Release Model 1: In this model it is assumed that if the single vesicle is available, then it is released with a constant probability upon arrival of a pre-synaptic spike, and this probability does not change over time.

Release Model 1 is a classical model of probabilistic release (Vere-Jones, 1966). Release Model 2 is appropriate when a synapse is known to exhibit facilitation. Usually, based on experimental evidence (see, for example, Markram et al., 1998), the change in release probability (given availability) over time is modeled as increasing by a percentage of the current probability of non-release, whenever a pre-synaptic spike arrives (usually independently of whether a vesicle is available or released) and then decaying exponentially over time to a constant rest probability, for as long as no more pre-synaptic APs arrive (Tsodyks et al., 1998).

Release Model 2 is also appropriate when a synapse is known to exhibit a different form of short term depression to that modeled by the lack of vesicle availability. In this type of depression, known as “release-independent depression,” the probability of vesicle release (given its availability) is reduced by arriving pre-synaptic spikes independently of whether the vesicle is released, due to different mechanisms from those that cause facilitation (Fuhrmann et al., 2004). In some models, facilitation and release-independent depression are assumed to be present simultaneously (Graham and Stricker, 2008; Scott et al., 2012).

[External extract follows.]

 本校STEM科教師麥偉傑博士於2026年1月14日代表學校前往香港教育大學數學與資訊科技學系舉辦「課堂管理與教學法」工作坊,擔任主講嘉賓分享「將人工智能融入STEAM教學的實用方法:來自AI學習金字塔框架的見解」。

A single vesicle obviously cannot be released if it is not available, but it is assumed that an available vesicle remains available until released. This is the key feature of the conceptual models we study where both availability and release are modeled as stochastic.

In this paper, when we consider a conceptual model where there is a pool consisting of at most N vesicle release sites, each containing at most a single vesicle, we use the typical assumption that the release and availability of each single vesicle occurs independently of that in the other vesicle release sites. Note that although this model is typical, it may not always be accurate (Quastel, 1997).

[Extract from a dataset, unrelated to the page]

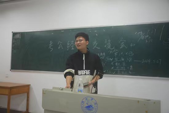 5月27日晚,信誉最好的十大体育平台于香远楼举办考公经验交流会。考取抚州市宜黄县司法局公务员的危亮同学、考取赣州市南康区人民法院公务员的刘航星同学与同学们进行了经验分享。
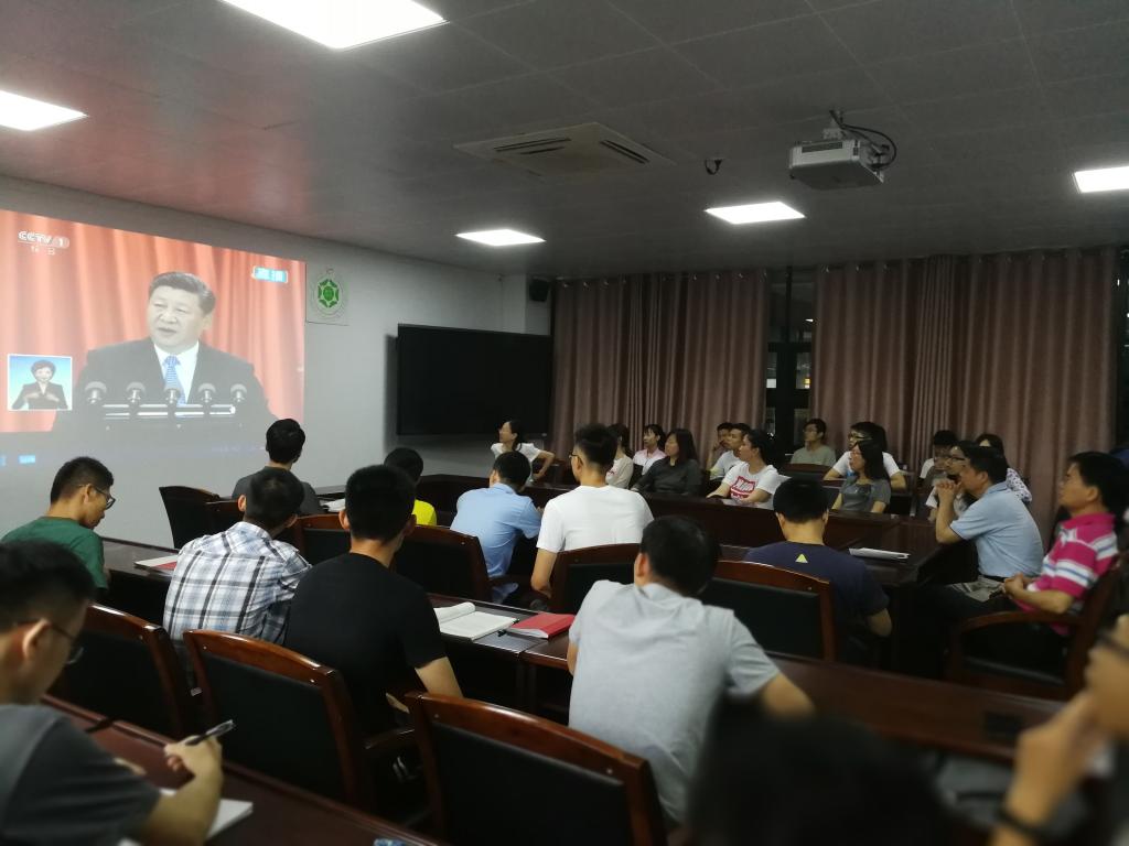 党委组织师生党员在工学四号馆202报告厅集中观看马克思诞辰200周年纪念大会现场直播,院党委委员、教工党支部书记、学生党支部书记等参加了活动。

In this paper, when we consider a conceptual model where there are N repeated trials for the same sequence of pre-synaptic APs, and a single vesicle in a single release site, we assume that the availability or release of the vesicle is independent for each trial.

Note that the outcome for a model where there are N such repeated trials is equivalent mathematically to a conceptual model where there is a pool of N vesicle release sites with at most a single vesicle available, for a single trial of the sequence of APs.

Since an experimental protocol is more amenable to studying repeated trials for a single release site and the same sequence of APs, we will refer to the case of N trials rather than N release sites.

The content of this paper regarding stochastic simulations can be extended to a scenario where multiple vesicles are available in a release site, and also where multiple such sites are available, potentially each with different numbers of vesicles. However, we do not discuss this further, as the most important observations are relevant to sites containing single vesicles. Further discussion of evidence for multiple release sites can be found in Loebel et al. (2009).

There is a specific random variable that exists in both conceptual availability models: the time taken for vesicle to become available following a successful release at time t = t_s. We label this random variable as T_a1 for Availability Model 1, and as T_a2 Availability Model 2.

There is a specific random variable that exists in both conceptual release models: the event that a vesicle is released, or not released, upon arrival of the i–th pre-synaptic AP at time t = t_{AP, i}. We label this random variable as R(t_{AP, i)}. This random variable is binary, it exists only at each AP time, it depends on the last time at which a vesicle was released, t_s, and we denote its outcomes as α if a vesicle is released and as β if it is not. We denote the probability that the event α occurs at time t, given the vesicle is available, as P_r|a(t). The random variable has a probability mass function, and this is given for Availability Model 1 by (6)Prob(R(tAP,i)=α|ts)=Pr|a(tAP,i)FTa(tAP,i−ts);Prob(R(tAP,i)=β|ts)=1−Pr|a(tAP,i)FTa(tAP,i−ts), where t_{AP, i} > t_s, and for Availability Model 2 by (7)Prob(R(tAP,i)=α|ts)=Pr|a(tAP,i)Pa,2(tAP,i|ts);Prob(R(tAP,i)=β|ts)=1−Pr|a(tAP,i)Pa,2(tAP,i|ts). Note that in Release Model 1, P_r|a has no time dependence [i.e., P_r|a(t_{AP, i}) = P_r|a], but this is the only difference in comparison with Release Model 2 (see Equation 1). Consequently, provided the release probability has been calculated correctly at each point in time during a simulation, there are no other differences in a stochastic simulation implementation in comparison with Release Model 2.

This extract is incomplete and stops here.